While teens tend to poison themselves more often in suicide attempts than adolescent boys, boys tend to use more lethal means, such as firearms. The result is that while girls try to take their lives more often, boys die in larger numbers.

Experts are unsure of the exact cause of these disturbing trends: hypotheses include stressful consequences of the recession, changing the way teens interact in digital spaces, increasing social isolation, stressful opioid crises that plague children, contagion suicidal, the fact that teens can more easily seek out how to kill themselves online, and others. But there does not seem to be a single cause.

"The reason we do not know why children are doing this is because suicide is not a single diagnosis, it's a result that many, many paths can lead," says Prinstein.

Access to lethal means also plays a role. Children are more likely to die of suicide when a gun is accessible. The increased availability of opioids could also play a role.

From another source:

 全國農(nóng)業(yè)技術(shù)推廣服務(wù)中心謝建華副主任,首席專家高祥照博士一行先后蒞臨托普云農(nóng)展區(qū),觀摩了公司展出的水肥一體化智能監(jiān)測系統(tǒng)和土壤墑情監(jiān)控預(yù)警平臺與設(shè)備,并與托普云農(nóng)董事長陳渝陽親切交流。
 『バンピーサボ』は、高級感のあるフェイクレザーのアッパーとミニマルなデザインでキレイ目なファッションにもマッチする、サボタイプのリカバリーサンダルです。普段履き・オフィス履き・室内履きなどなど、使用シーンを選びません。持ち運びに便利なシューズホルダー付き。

We do not need to know the cause of increased suicide and poisoning to help

We may not know the exact cause of recent suicide trends. But we know ways to help teens at risk. Therapists can help and science-supported therapies that help (see the sidebar above for resources). Schools and teachers can help. Parents can help. Friends can help. Anguish is not inevitable.

But, as we are seeing, it is not enough. "Based on absolute numbers, you do not have psychologists, social workers, counselors and other therapists enough to physically address the need that's clearly out there," says Ackerman. "Even if you had everyone in the mental health workforce dealing with suicide and life-threatening behavior, you would not be able to fully address the need."

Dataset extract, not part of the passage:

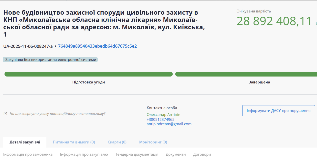 У червні 2025 року в Миколаєві провели тендер на будівництво нового укриття в обласній дитячій лікарні без аукціону. Єдиним учасником торгів стало товариство "Антарес-БУД", яке й було обране підрядником для виконання робіт на понад 62 мільйони гривень.

So as a society, we can do more to work toward possible policy solutions.

"If you replaced depression or suicide with the flu, you would see a flu shot warning you in every corner, insisting it's a public health crisis," Prinstein says. "We should be making projections, we should be doing education programs in every school. All parents should talk to their children about suicide. It's time for less conversations and more action. "

He says that teachers and schools need to be better trained to identify children at risk, and parents need to feel free to ask their children directly if they are suicidal.

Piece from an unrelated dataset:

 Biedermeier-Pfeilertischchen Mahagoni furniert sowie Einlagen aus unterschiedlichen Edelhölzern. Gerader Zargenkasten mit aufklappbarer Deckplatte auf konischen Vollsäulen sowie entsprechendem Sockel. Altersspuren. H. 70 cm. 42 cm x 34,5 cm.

"There is a long time ago a myth that simply asking a child if she is suicidal can put an idea in your head and increase the risk," he says. "And we know now that this is not true."

Kathryn Gordon, a clinical psychologist and researcher who recently left her academic job for a private practice, says parents can learn to "listen in a non-critical way." Listening, she says, can be a first step.

"As a parent," she says, it's easy to want to come in and solve the problem immediately. "But children often see it as disregard or discomfort," she says. "If you're open and listen, often kids and teens can start solving on their own, or they'll ask for help."

Taking care of adults can make a difference in saving lives, a new study shows. But it will take more than just parents and professional therapists to help.

States can work with schools to track more children in search of suicide and depression. And there needs to be more funding for research.

In 2017, the National Institutes of Health spent $ 37 million on research grants for suicide prevention. That's trivial when you compare it to the $ 6.6 billion spent on cancer research. Of the 295 disease research areas, the NIH funds suicide prevention in 2018 in 206. Research on the West Nile virus – which kills about 137 a year – comes first. By 2017, the Centers for Disease Control and Prevention reported that there were 2,877 suicide deaths between the ages of 13 and 19 nationwide.

Interventions "have to start early – even elementary school," says Ackerman. "And certainly in high school, you need to understand what to look for to respond."